Quote each line of the material verbatim, without the pictures.

### Data excerpt
☆ ☆ ☆

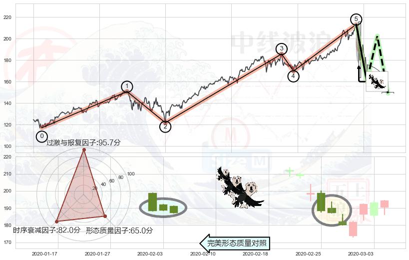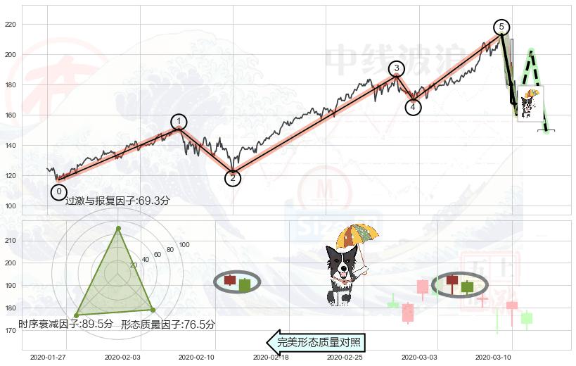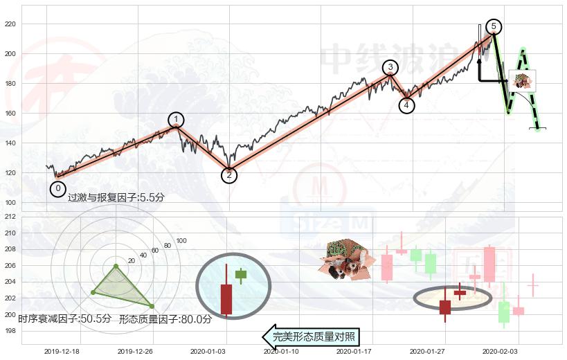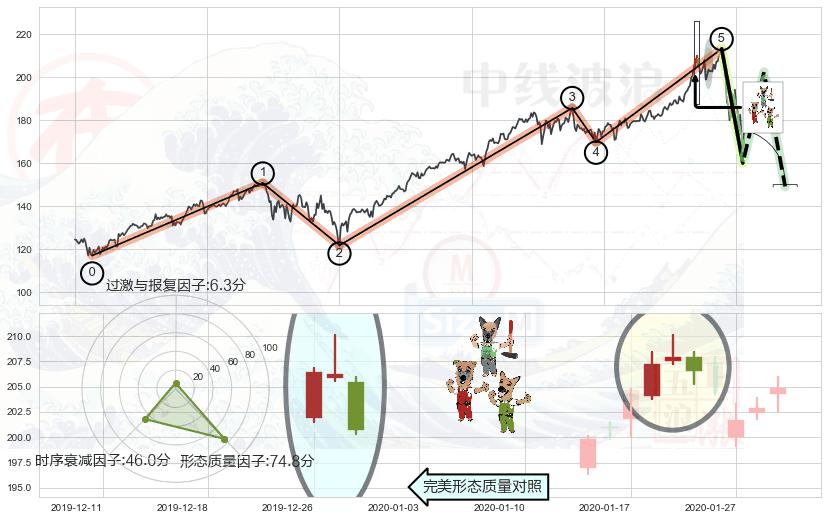 ➢ 顶部尽头线(下山虎) + 波浪理论上涨浪:浪5回调拐点信号叠加后【反向回撤率】中等,【看空】信号叠加【存续影响中等】
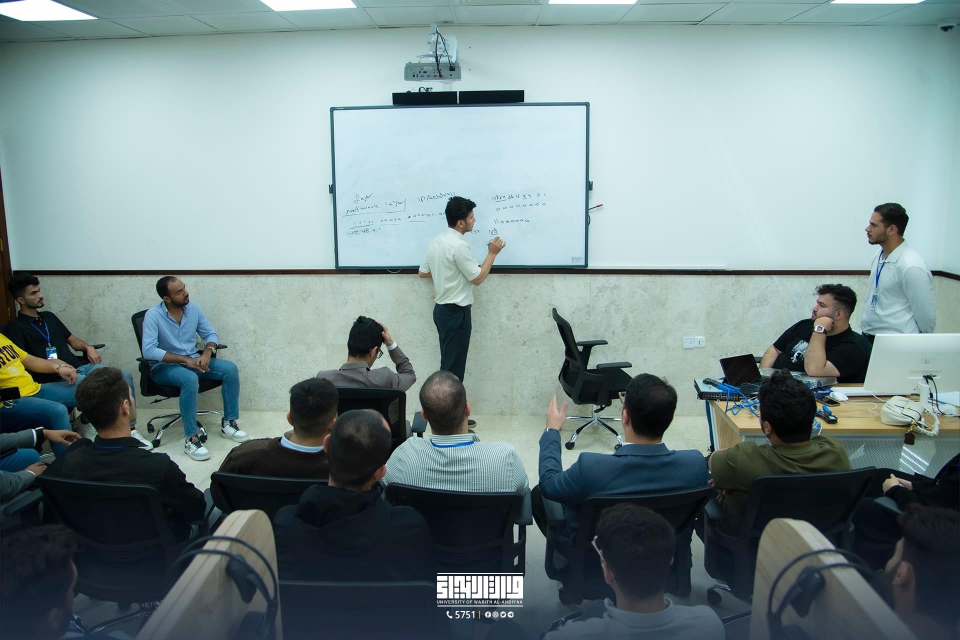 In an effort to enhance students' skills during the spring break, the College of Science at the University of Warith Al-Anbiyaa (peace be upon him), specifically the Information Technology Department, organized a practical training course on network installation and programming for first-year students.
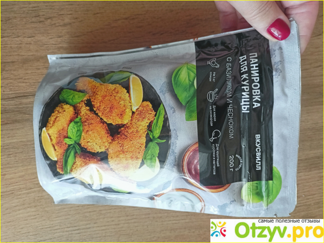 Панировка довольно крупного помола, желтого цвета и довольно приятного аромата.
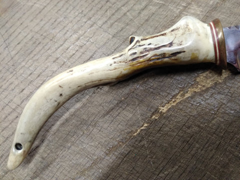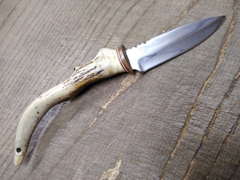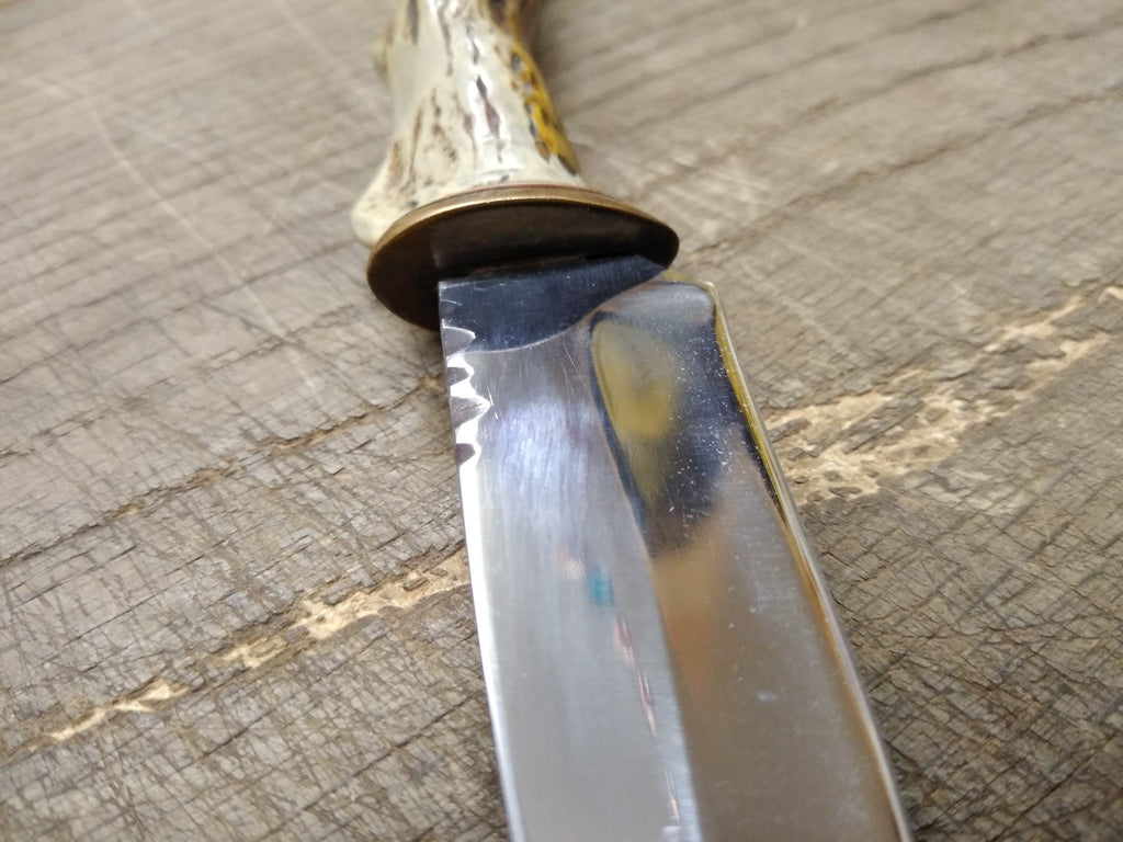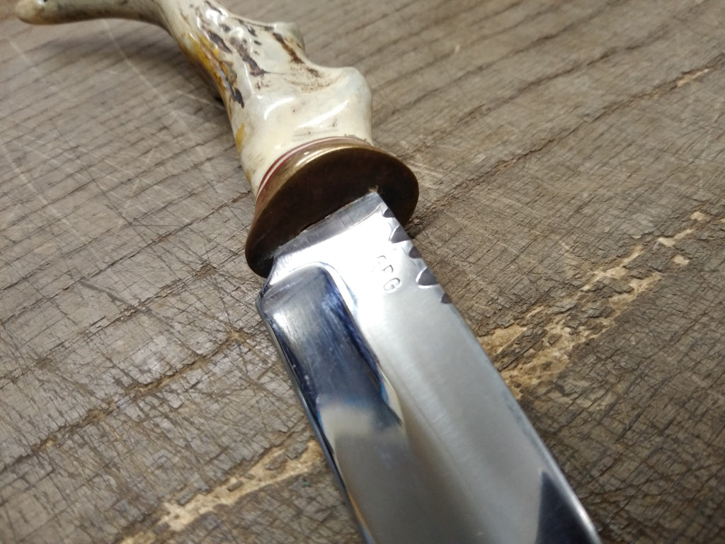 ***PLEASE LOOK AT ALL THE PICTURES AND ASK QUESTIONS BEFORE BIDDING*** This is a Vintage GPG Fixed 4 inch Blade Custom Made Hunting Knife Antler Handle 9.25 inch Total Length! *** The pictures are a substantial part of the description so please examine all the photos and contact me if you have any questions. We will be happy to save you shipping costs by picking this up at our shop. Thank You 100725-02-RK

☆ ☆ ☆

### Output of the task
 ➢ 顶部尽头线(下山虎) + 波浪理论上涨浪:浪5回调拐点信号叠加后【反向回撤率】中等,【看空】信号叠加【存续影响中等】
 In an effort to enhance students' skills during the spring break, the College of Science at the University of Warith Al-Anbiyaa (peace be upon him), specifically the Information Technology Department, organized a practical training course on network installation and programming for first-year students.
 Панировка довольно крупного помола, желтого цвета и довольно приятного аромата.
 ***PLEASE LOOK AT ALL THE PICTURES AND ASK QUESTIONS BEFORE BIDDING*** This is a Vintage GPG Fixed 4 inch Blade Custom Made Hunting Knife Antler Handle 9.25 inch Total Length! *** The pictures are a substantial part of the description so please examine all the photos and contact me if you have any questions. We will be happy to save you shipping costs by picking this up at our shop. Thank You 100725-02-RK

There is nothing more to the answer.